As an advocate of eurozone bonds, I have to admit their prospect looks grim after last week’s ruling of the German constitutional court. The court upheld the European financial adjustment facility, the crisis mechanism. This was, undoutedly, good news. But after I read the whole ruling, which ran to 29 tightly written pages, I realised that this judgement was not a victory for the eurozone at all. On the contrary, it categorically rules out any policy option beyond what has been agreed so far. I cannot see how it can be consistent with the survival of the eurozone, given the policies of member states and the ECB.

Much of the language in this document is opaque constitutional jargon. But on the issues that matter, the ruling is surprisingly, and depressingly, clear. It says the German government must not accept permanent mechanisms – as opposed to the EFSF, which is temporary – with the following criteria: if they involve a permanent liability to other countries; if these liabilities are very large or incalculable; and if foreign governments, through their actions, can trigger the payment of the guarantees. If I were a plaintiff in this case, I would regard that statement as an open invitation by the court to bring a new case against the European Stability Mechanism.

The ESM will be the permanent successor to the EFSF from 2013. It fulfils a good subset of those conditions. The justices ruled with a seven to one majority in this case, but later said it was a close decision. If the plaintiffs were to bring a much more focused case against a more ambitious mechanism, they might stand a better chance.

If the ESM is a borderline case under German constitutional law, there can be no such doubt about a eurobond. The court’s verdict leaves me no alternative but to conclude they are indeed unconstitutional.

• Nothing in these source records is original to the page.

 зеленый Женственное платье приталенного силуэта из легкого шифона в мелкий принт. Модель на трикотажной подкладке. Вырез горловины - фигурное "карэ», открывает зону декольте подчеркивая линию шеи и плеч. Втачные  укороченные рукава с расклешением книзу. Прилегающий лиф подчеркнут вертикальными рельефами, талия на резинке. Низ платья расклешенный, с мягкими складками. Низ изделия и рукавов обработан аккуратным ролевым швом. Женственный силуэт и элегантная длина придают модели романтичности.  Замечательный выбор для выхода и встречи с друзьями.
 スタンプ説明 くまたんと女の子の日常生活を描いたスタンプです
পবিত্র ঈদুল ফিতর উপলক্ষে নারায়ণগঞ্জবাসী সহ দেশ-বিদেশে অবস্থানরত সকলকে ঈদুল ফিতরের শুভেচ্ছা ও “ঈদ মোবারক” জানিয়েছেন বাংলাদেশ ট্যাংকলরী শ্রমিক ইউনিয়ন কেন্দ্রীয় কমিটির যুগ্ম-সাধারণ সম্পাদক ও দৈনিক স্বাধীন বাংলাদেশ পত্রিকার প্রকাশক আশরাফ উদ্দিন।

Moreover, you cannot get around this unfortunate fact with an ingenious combination of eurocratic trickery and financial engineering. The court, quite cleverly, did not mention eurobonds. It talked about liabilities. The Bundestag is not precluded from giving money to Greece, but it cannot empower a third party, such as the EFSF or ESM, let alone a hypothetical European Debt Agency, from usurping sovereign power. Sovereignty can be delegated in small slices, but not permanently.

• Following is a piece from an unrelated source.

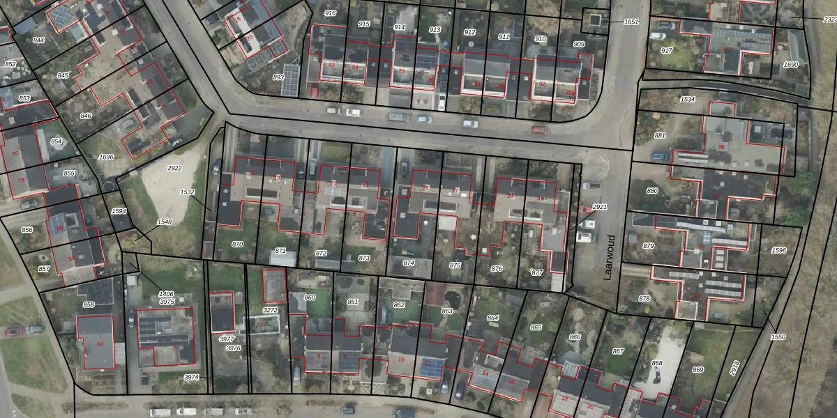 Het perceel waarop Laarwoud 25 staat heeft een oppervlakte van 345 m². Dit is een groot perceel. De perceeloppervlakte wordt geregistreerd door het Kadaster. Gedetailleerde informatie over de maten van dit perceel kunt u vinden in het rapport Kadastrale kaart met maatvoering van Laarwoud 25.
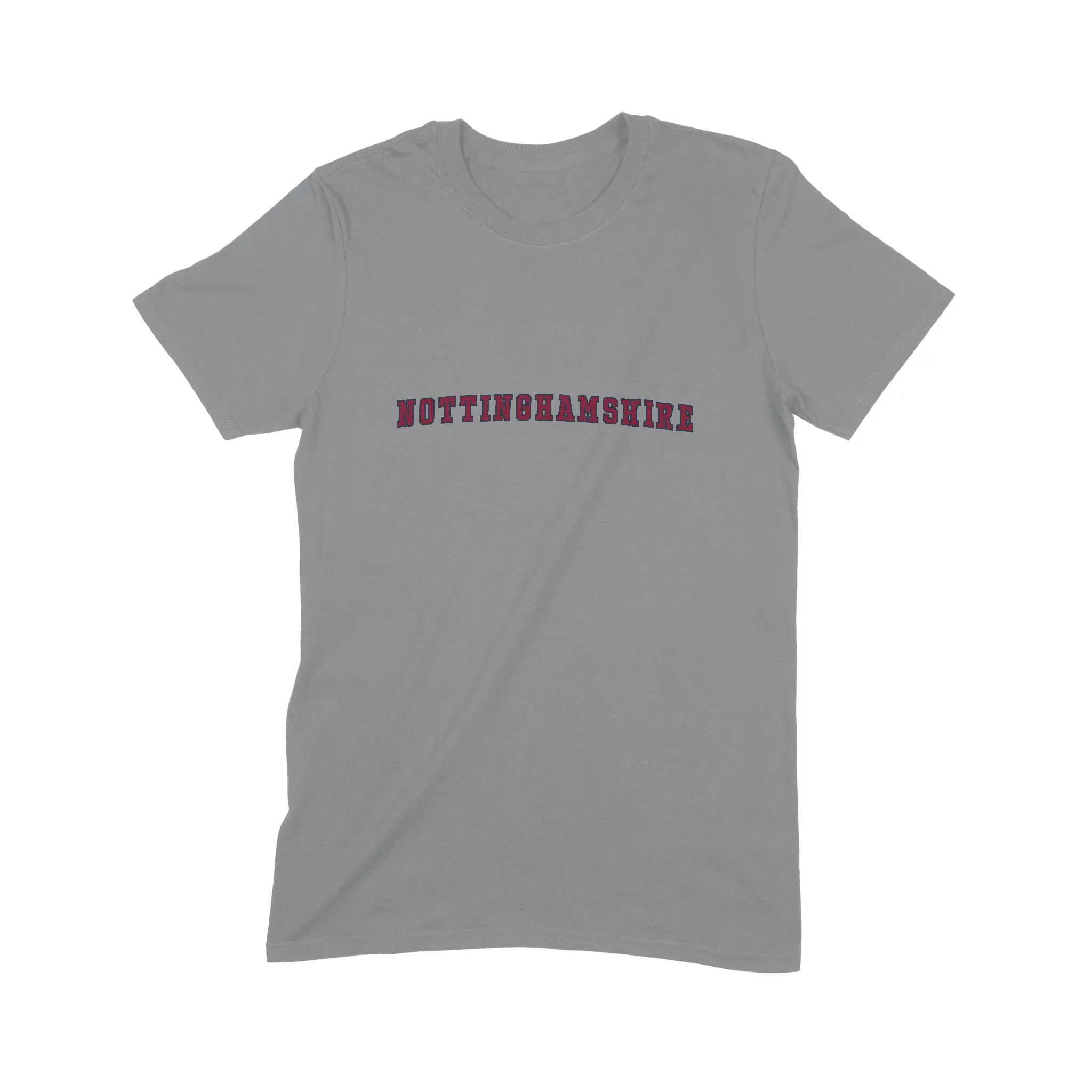 - Vintage Aesthetic: Arched Nottinghamshire text design for the college tee look.

A eurobond is, of course, a permanent mechanism. It also involves a permanent loss of control. Its size is very likely to be substantial. There would not be any point in issuing a small eurobond – it would not resolve the crisis. And unless Member States were to transfer some of their sovereignty to Brussels, all the inherent risks in the structure would come from non-compliance by national governments or parliaments. In other words, a eurobond perfectly matches the conditions set by the Constitutional Court for an arrangement that violates the German constitution.

What if the EU decided to create a fiscal union after all? The Constitutional Court already decided in its ruling on the Lisbon Treaty that this is not possible either. A fiscal union would require a referendum, in which the German electorate would decide to abolish the sovereign German state, and transfer sovereignty from Berlin to Brussels. Suffice to say, that this is not very likely to happen. So we have an impasse. No matter how you organise a future fiscal space in the eurozone, it will either be meaningless, or infringe the German constitution.

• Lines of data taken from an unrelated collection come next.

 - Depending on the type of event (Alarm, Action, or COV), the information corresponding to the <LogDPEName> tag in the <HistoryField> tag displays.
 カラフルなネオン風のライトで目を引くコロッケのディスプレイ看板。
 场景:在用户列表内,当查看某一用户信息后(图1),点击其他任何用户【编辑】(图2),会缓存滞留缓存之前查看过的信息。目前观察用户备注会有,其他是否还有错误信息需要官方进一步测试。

Moreover, the political hurdles have also gone up recently. Angela Merkel has ruled it out so forcefully that she cannot turn her back on this promise. Even the leaders of the opposition, who are more sympathetic to the idea, would find themselves constrained by the ruling.

What does this mean? First, the ruling significantly increases the probability of default by one or several Member States. This is a simple consequence of the Law of Large Numbers. There are now so many hurdles in place that a systemic accident is very likely to happen at some point. Do we really think the Bundestag, after having reluctantly accepted the need for a second Greek loan programme, will vote for a third? Or a second Portuguese or second Irish programme? Will they vote Yes once the EFSF starts buying bonds, or recapitalising banks? It takes a single No vote to trigger a default. When that happens, there will be no time left for diplomacy.

The ruling leaves a post-Stark ECB as the sole backstop that could prevent a break-up of the eurozone.